Tuesday, April 27, 2021

Episode 15 Moriarty the Patriot

 


 

 Since Moriarty, the Patriot set up its timetable in the 1880s I've been sitting tight for a Jack the Ripper storyline. The five “canonical” Ripper murders occurred in Whitechapel in 1888, so the time and place are ripe for the series to provide its own take on things. This episode, the first of another multi-part arc, quickly establishes itself to be taking place in November of 1888 by opening with the discovery of the corpse of Annie Chapman, the second of the Ripper's famous five victims. (Amusingly this is reported in the “Dairy Londoner,” which inadvertently sounds like a newspaper for London-dwelling dairy farmers.) Apart from this setup, however, most of the episode stays away from the most famous of murder cases, using the killer's reign of terror to facilitate the introduction of a new character and Bonde's integration into the team.

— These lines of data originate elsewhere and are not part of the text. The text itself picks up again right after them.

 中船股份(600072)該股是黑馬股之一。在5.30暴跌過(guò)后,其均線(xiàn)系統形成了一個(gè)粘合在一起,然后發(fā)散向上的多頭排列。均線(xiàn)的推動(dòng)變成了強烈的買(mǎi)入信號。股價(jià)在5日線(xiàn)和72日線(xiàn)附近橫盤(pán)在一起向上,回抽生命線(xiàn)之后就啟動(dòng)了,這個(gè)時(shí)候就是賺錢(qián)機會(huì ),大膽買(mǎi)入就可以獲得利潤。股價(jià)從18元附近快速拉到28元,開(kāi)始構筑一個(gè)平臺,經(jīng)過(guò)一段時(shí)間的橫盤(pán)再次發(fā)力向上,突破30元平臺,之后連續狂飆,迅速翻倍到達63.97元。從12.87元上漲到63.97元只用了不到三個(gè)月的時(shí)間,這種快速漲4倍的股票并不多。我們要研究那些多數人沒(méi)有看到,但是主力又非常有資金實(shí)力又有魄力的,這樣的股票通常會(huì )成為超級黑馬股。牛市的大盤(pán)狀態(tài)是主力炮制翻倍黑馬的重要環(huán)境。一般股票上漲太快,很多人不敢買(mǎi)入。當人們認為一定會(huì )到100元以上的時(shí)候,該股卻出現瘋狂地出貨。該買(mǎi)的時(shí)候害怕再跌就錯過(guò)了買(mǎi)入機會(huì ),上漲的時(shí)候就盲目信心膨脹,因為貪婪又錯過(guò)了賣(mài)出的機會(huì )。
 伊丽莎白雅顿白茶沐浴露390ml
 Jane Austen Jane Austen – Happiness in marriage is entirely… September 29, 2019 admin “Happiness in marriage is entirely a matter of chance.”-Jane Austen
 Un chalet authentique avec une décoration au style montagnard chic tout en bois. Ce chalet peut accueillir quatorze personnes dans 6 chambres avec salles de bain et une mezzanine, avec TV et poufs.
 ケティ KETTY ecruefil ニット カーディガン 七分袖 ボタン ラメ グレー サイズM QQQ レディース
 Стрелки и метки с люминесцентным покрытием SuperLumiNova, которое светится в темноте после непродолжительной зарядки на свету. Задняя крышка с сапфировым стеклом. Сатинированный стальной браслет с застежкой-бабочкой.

What is fascinating, notwithstanding, is that now Moriarty the Patriot is acquiring from an assortment of British wrongdoing fiction sources. Obviously, Irene Adler's new identity as James Bonde is a reference to Ian Fleming's 007 stories, but we also get shout-outs to Bram Stoker's Dracula and the 2012-2016 BBC TV series Ripper Street, although this last may be more of a coincidence than a deliberate reference. But given that this episode introduces the Ripper murders and that the TV show took place right after them, the presence of a police officer named “Arterton” (“Artherton” in Ripper Street) feels a bit too close for pure coincidence, especially since it would have been easy to use real-life policemen Abberline and Reid here. In any event, alongside Arterton, this episode introduces Jack Renfield, a retired soldier who mentored the three Moriarty boys in fighting when he served as their guardian's butler after the fire. Canny viewers will have already noted that “Renfield” is the name of Dracula's associate in Stoker's novel – and while Moriarty isn't a vampire, having his teacher bear the same name as Stoker's zoophagic character still feels fitting. His design, which hearkens back a bit to Sidney Paget's original illustrations of Moriarty, is another nice touch.

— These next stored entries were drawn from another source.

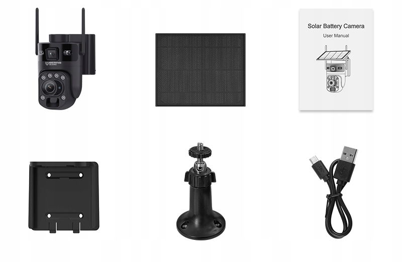 - Поворотная камера BERING GSM SOLAR цвета ЧЕРНЫЙ с держателем, встроенными аккумуляторами и солнечной панелью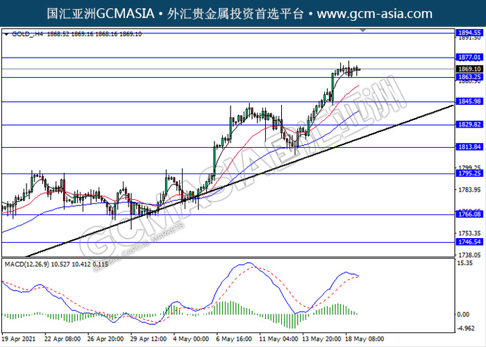 20210519 GOLD-午间 by keyk | May 19, 2021 | 黄金 | 0 comments GCMAsia-GOLD GOLD 2021-05-19 GOLD_,H4:黄金震荡盘整靠近前期支撑。MACD多头动能略减,若突破关注空头方向为主。上方关注1877.00压力和1894.55压力,下方关注1863.25支撑和1846.00支撑。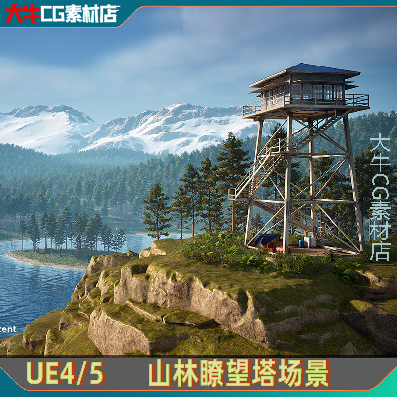 💥炫酷!UE4虚幻5下的松树森林大山雪山湖泊瞭望塔哨塔场景,券后价仅需0.6!💎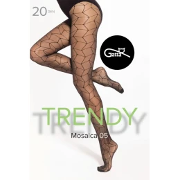 Punčochové kalhoty značky Gatta, model Mosaica 05 20 DEN, vyrobené z 86 % polyamidu a 14 % elastanu, s vyznačenými špičkami, tloušťka 20 DEN, bez vyznačených nohaviček.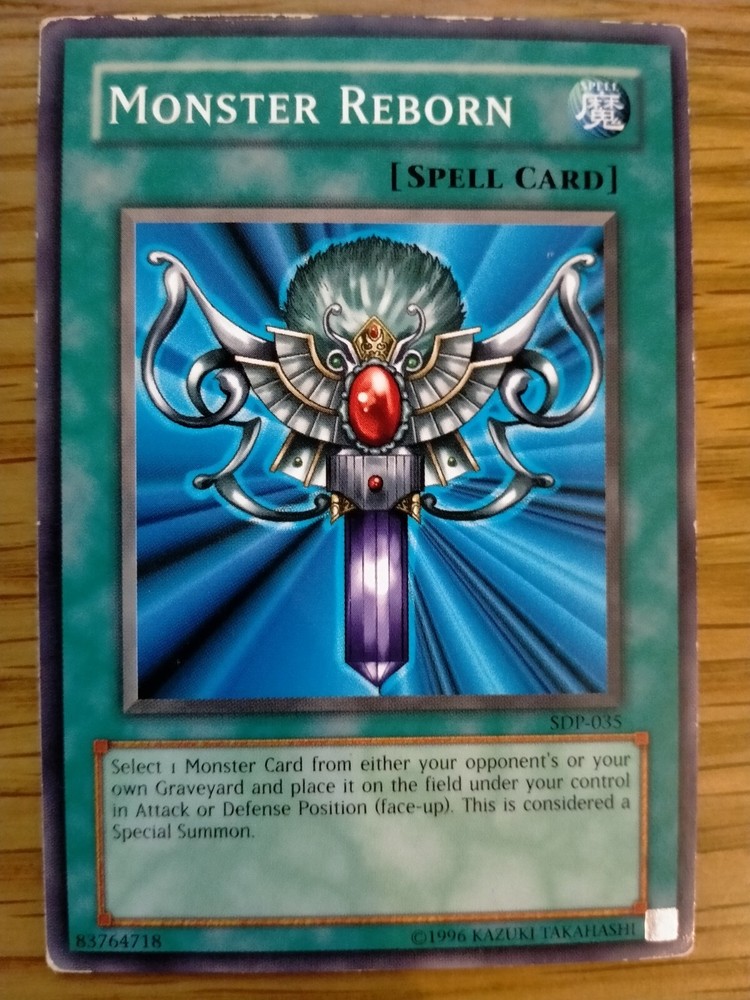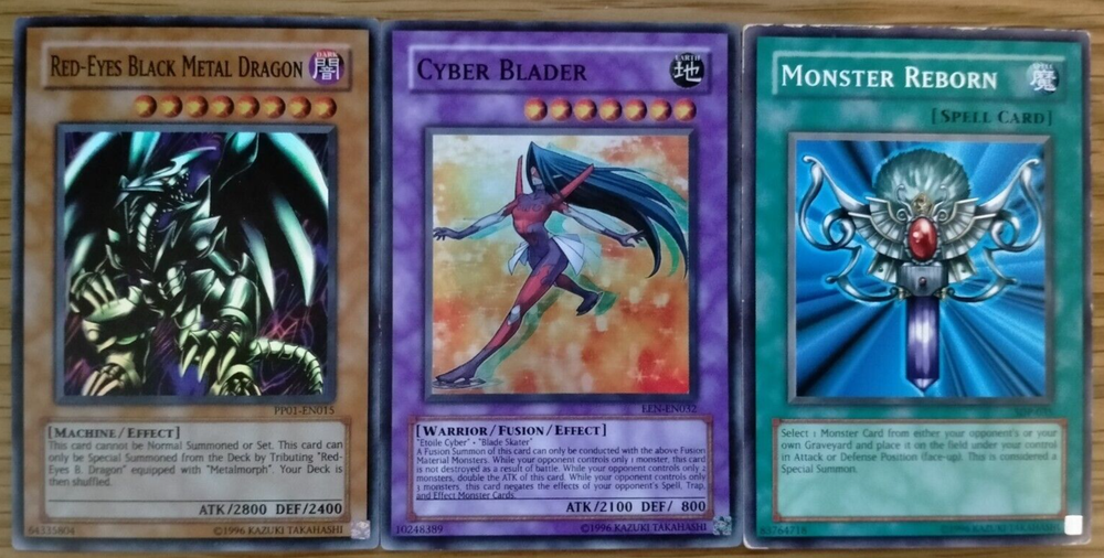 3 x Yugioh! Cards - Red-Eyes Black Metal Dragon, Cyber Blader, Monster Reborn Red-Eyes Black Metal Dragon Rare - minimal corner wear Cyber Blader Rare - central crease Monster Reborn Common - corner & edge wear

As far as what happens this week, it generally feels like an arrangement for what's to come, with the plot working, for the most part, to set up the new characters and to show how Bonde finds a place with the remainder of Team Moriarty. The latter is probably the most fun, albeit with a bit of an edge, because Moran is not having an easy time thinking of Bonde as a man. While it can read as transphobic, that may in part be due to Moran coming from a time when no one understood “transgender” even a little, and the fact that Bonde is having so much fun messing with him initially takes some of the stings out, at least in the context of the show and its setting. More importantly, Moran and Bonde start to form an alliance that Moran never saw coming, with the soldier taking the team's newest addition under his wing and helping him to understand how they function as a unit. For Bonde, it becomes about trying to find the place where what he wants and what works for the group coincide – saving the hostages is clearly his priority, but how to do it in a way that won't bring Scotland Yard (and possibly Holmes) down on their collective head is the real crux of the matter. That Bonde manages to do it and impress Moran seems to set the two up as a new dynamic duo, and how that develops could be worth keeping an eye on.

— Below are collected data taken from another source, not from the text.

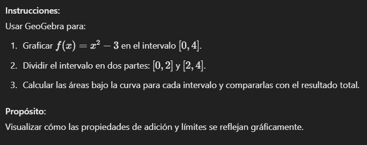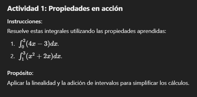 - Analizar las propiedades principales de las integrales definidas, como la linealidad, los lĆmites de integración, y la adición de intervalos.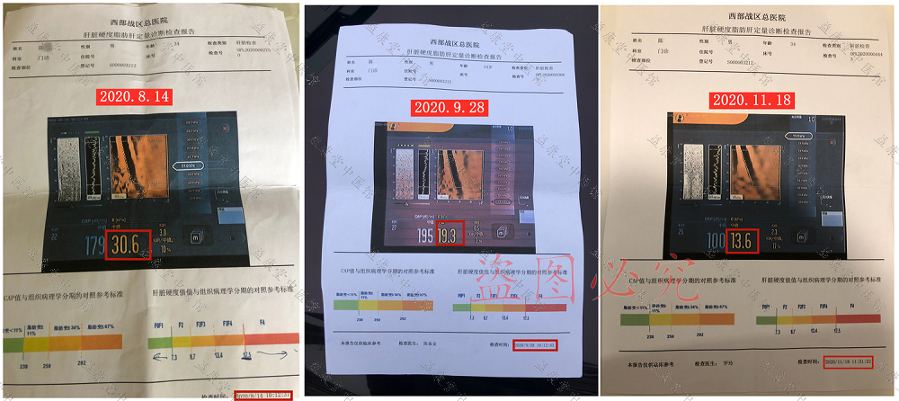 患者服用益康堂中医馆2个半月中药后,于2020年11月18日前往医院复查各项指标,肝脏硬度从8月14日的30.6,9月28日降到19.3,11月18日再降为13.6,各项指标明显好转,对比用药前后指标,患者发自内心的喜悦难以言表。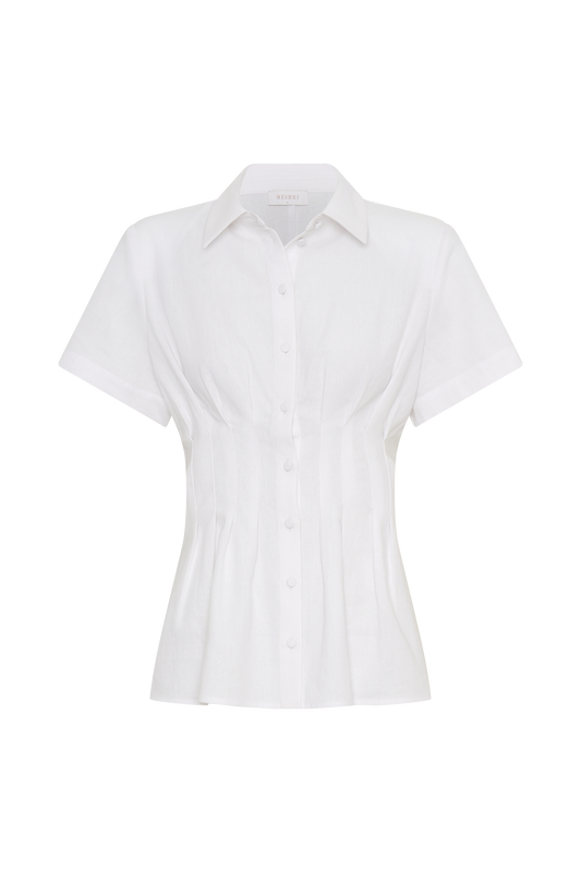 Curved Waist Midi Skirt - White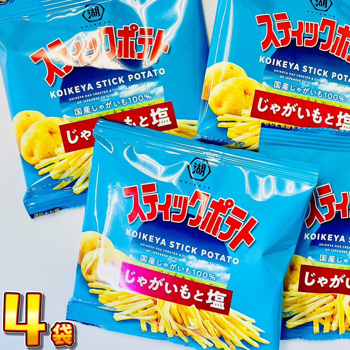 500円 送料無料 湖池屋 スティックポテト じゃがいもと塩 小袋 4袋 メール便 送料無料 500えん 送料無料 ポイント消化 訳あり お試し

In the interim, with the indicated Ripper running free, the arrangement appears to move things towards a confrontation between the police and the occupants of Whitechapel. Arterton's mention of Bloody Sunday (one of many days to be so designated; he's referring to the incident in November of 1887, almost exactly a year prior to this episode's setting) confirms this, as that was a clash between police and demonstrators that no one had come out of unscathed. If he's more willing to hunt down vigilantes than murderers, that says a lot about him as a person, to say nothing of opening the door for Moriarty's intervention. It also is interestingly aligned with the view of the Ripper murders presented by Hallie Rubenfield in her book The Five, which posits that history – starting with the police and press of 1888 – elevates Jack the Ripper to celebrity status while largely demonizing the women he killed as sex workers who somehow deserved what they got. Rubenfield aims to change the way we tell their story. I wouldn't be surprised if that's also Moriarty's goal in his own, special way.